======== Data for processing ========

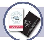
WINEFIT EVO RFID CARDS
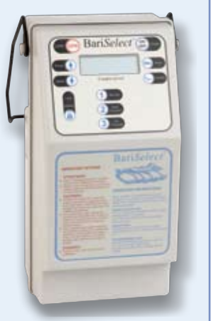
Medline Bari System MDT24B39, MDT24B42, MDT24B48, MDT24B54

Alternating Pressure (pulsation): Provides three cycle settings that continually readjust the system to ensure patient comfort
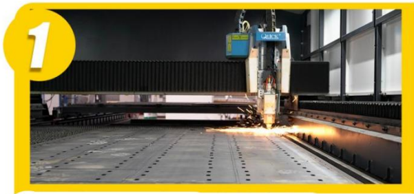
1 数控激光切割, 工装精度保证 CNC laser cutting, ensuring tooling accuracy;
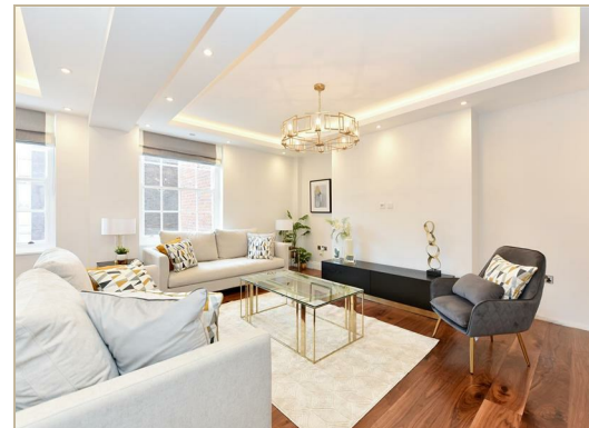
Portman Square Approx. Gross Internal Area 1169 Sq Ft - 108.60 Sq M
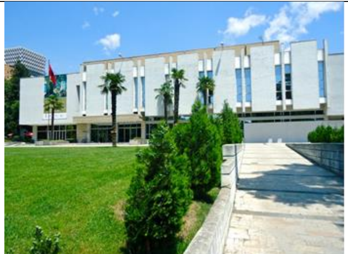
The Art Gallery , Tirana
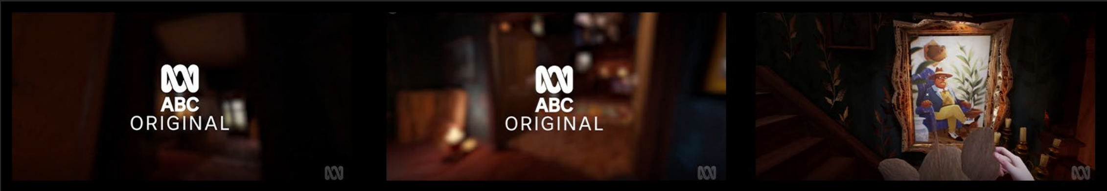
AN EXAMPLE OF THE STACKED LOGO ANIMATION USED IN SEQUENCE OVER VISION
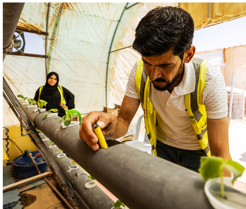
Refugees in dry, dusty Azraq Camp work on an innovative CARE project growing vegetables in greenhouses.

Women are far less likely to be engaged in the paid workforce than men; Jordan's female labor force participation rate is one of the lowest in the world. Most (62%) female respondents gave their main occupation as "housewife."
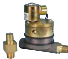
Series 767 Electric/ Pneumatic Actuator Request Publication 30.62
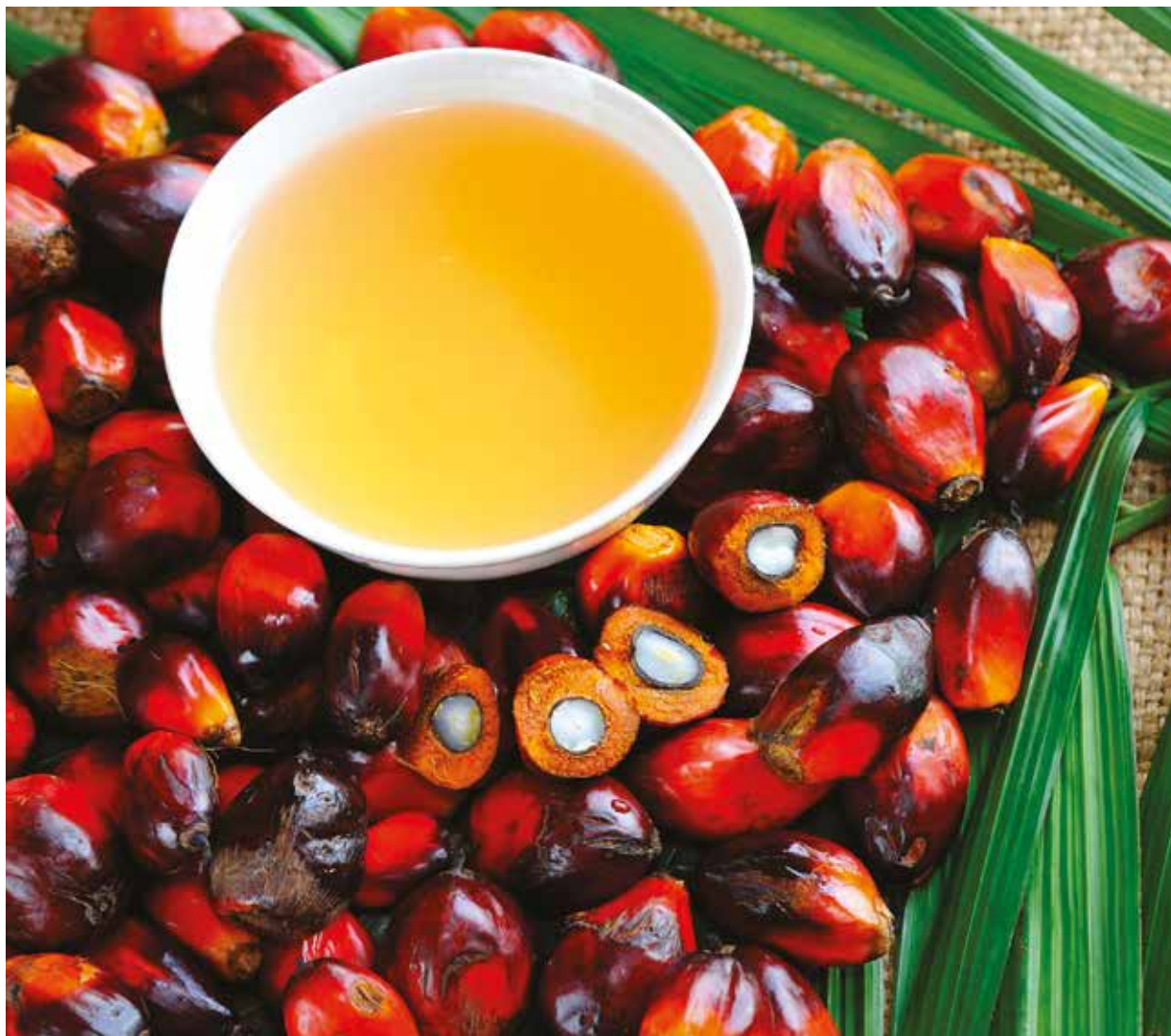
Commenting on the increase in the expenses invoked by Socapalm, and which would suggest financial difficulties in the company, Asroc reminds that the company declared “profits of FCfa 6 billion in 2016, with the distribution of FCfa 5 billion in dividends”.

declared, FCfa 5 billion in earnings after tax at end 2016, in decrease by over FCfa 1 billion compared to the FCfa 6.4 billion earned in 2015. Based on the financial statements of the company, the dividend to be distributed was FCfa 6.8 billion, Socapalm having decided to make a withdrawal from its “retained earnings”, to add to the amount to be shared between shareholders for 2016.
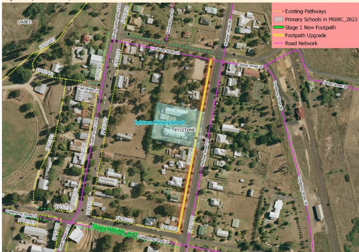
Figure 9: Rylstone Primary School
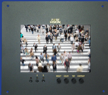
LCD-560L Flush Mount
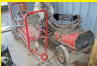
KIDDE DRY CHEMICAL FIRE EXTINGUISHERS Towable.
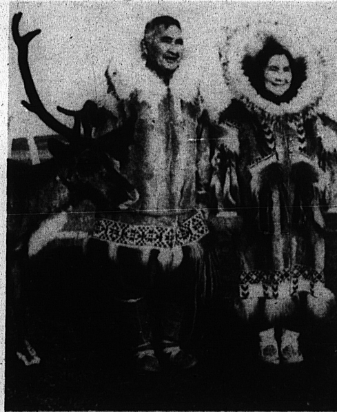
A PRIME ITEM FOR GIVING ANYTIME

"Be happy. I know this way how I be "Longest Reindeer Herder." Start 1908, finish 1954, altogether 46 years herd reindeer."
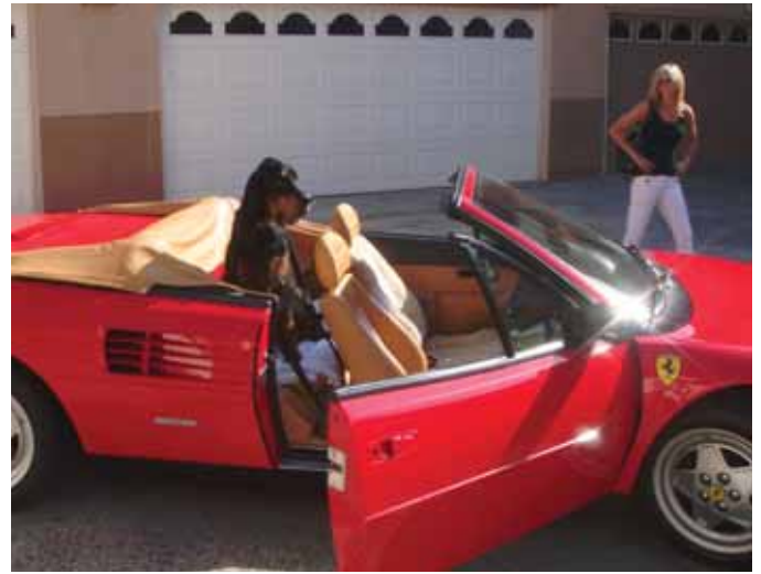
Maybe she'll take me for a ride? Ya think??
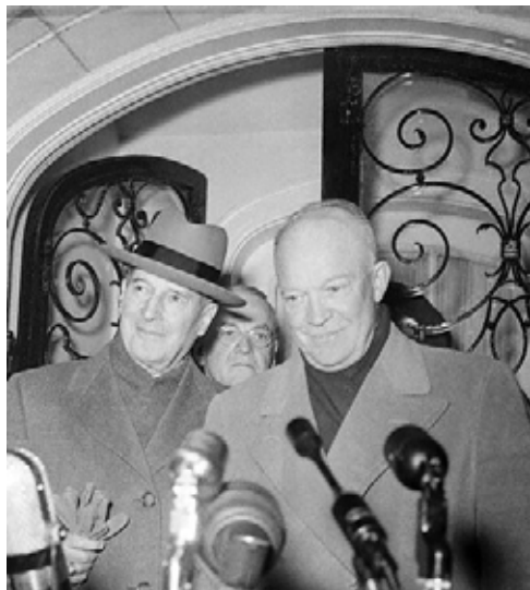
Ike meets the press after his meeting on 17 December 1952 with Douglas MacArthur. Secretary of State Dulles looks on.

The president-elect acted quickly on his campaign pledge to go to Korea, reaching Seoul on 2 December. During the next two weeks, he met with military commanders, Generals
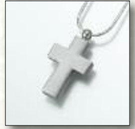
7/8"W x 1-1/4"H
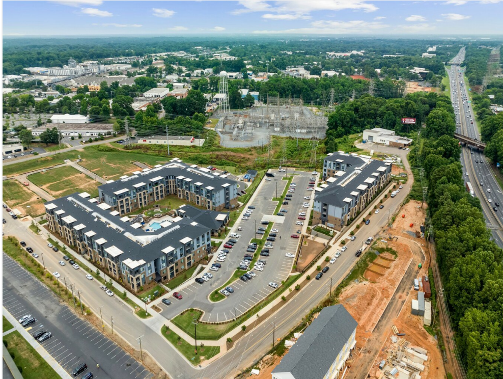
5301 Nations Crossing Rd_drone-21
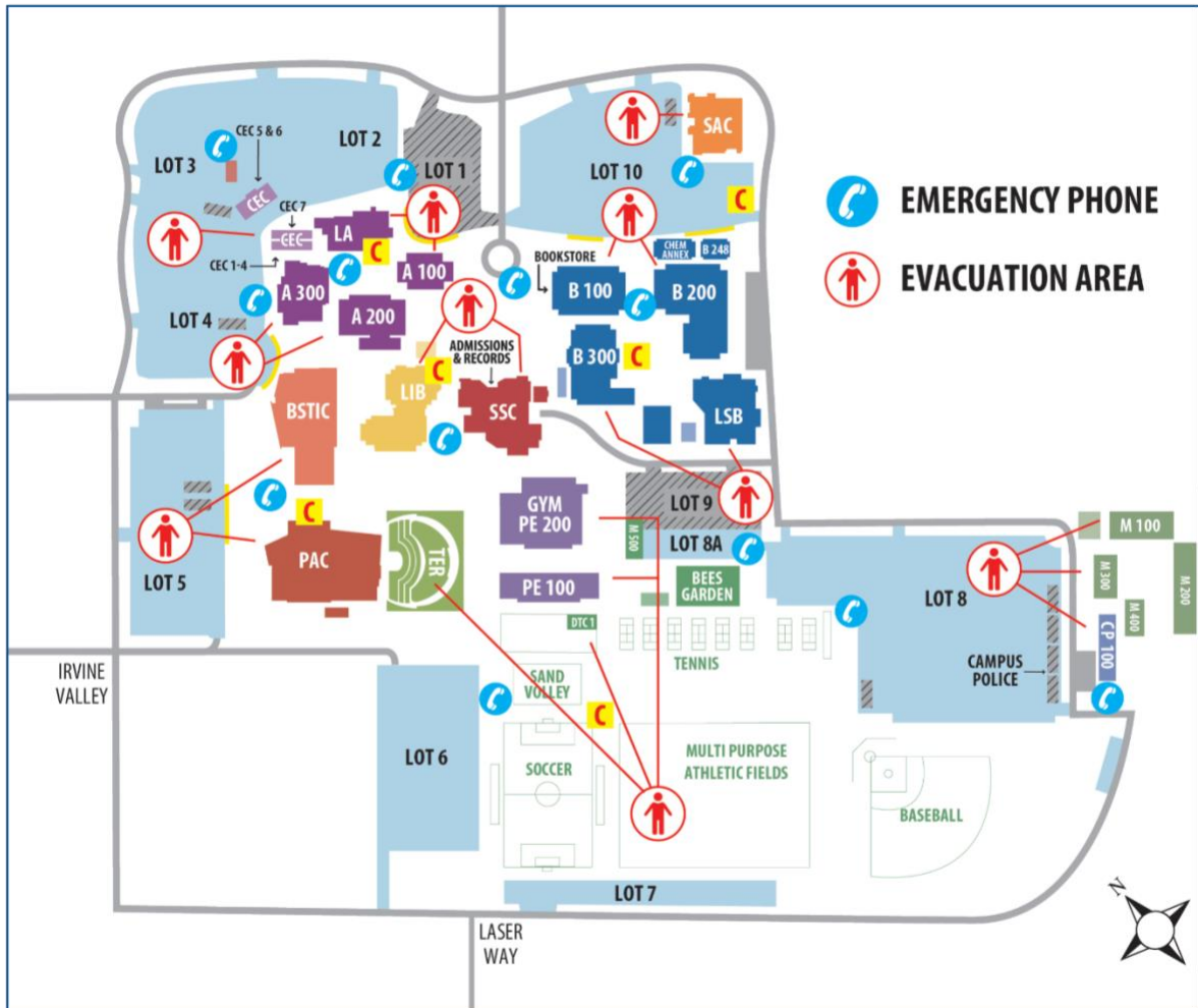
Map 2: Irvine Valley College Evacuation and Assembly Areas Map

========

(How to complete this task): Could you transcribe the records above exactly, leaving out any pictures?

(Result of this exercise):
WINEFIT EVO RFID CARDS
Medline Bari System MDT24B39, MDT24B42, MDT24B48, MDT24B54

Alternating Pressure (pulsation): Provides three cycle settings that continually readjust the system to ensure patient comfort
1 数控激光切割, 工装精度保证 CNC laser cutting, ensuring tooling accuracy;
Portman Square Approx. Gross Internal Area 1169 Sq Ft - 108.60 Sq M
The Art Gallery , Tirana
AN EXAMPLE OF THE STACKED LOGO ANIMATION USED IN SEQUENCE OVER VISION
Refugees in dry, dusty Azraq Camp work on an innovative CARE project growing vegetables in greenhouses.

Women are far less likely to be engaged in the paid workforce than men; Jordan's female labor force participation rate is one of the lowest in the world. Most (62%) female respondents gave their main occupation as "housewife."
Series 767 Electric/ Pneumatic Actuator Request Publication 30.62
Commenting on the increase in the expenses invoked by Socapalm, and which would suggest financial difficulties in the company, Asroc reminds that the company declared “profits of FCfa 6 billion in 2016, with the distribution of FCfa 5 billion in dividends”.

declared, FCfa 5 billion in earnings after tax at end 2016, in decrease by over FCfa 1 billion compared to the FCfa 6.4 billion earned in 2015. Based on the financial statements of the company, the dividend to be distributed was FCfa 6.8 billion, Socapalm having decided to make a withdrawal from its “retained earnings”, to add to the amount to be shared between shareholders for 2016.
Figure 9: Rylstone Primary School
LCD-560L Flush Mount
KIDDE DRY CHEMICAL FIRE EXTINGUISHERS Towable.
A PRIME ITEM FOR GIVING ANYTIME

"Be happy. I know this way how I be "Longest Reindeer Herder." Start 1908, finish 1954, altogether 46 years herd reindeer."
Maybe she'll take me for a ride? Ya think??
Ike meets the press after his meeting on 17 December 1952 with Douglas MacArthur. Secretary of State Dulles looks on.

The president-elect acted quickly on his campaign pledge to go to Korea, reaching Seoul on 2 December. During the next two weeks, he met with military commanders, Generals
7/8"W x 1-1/4"H
5301 Nations Crossing Rd_drone-21
Map 2: Irvine Valley College Evacuation and Assembly Areas Map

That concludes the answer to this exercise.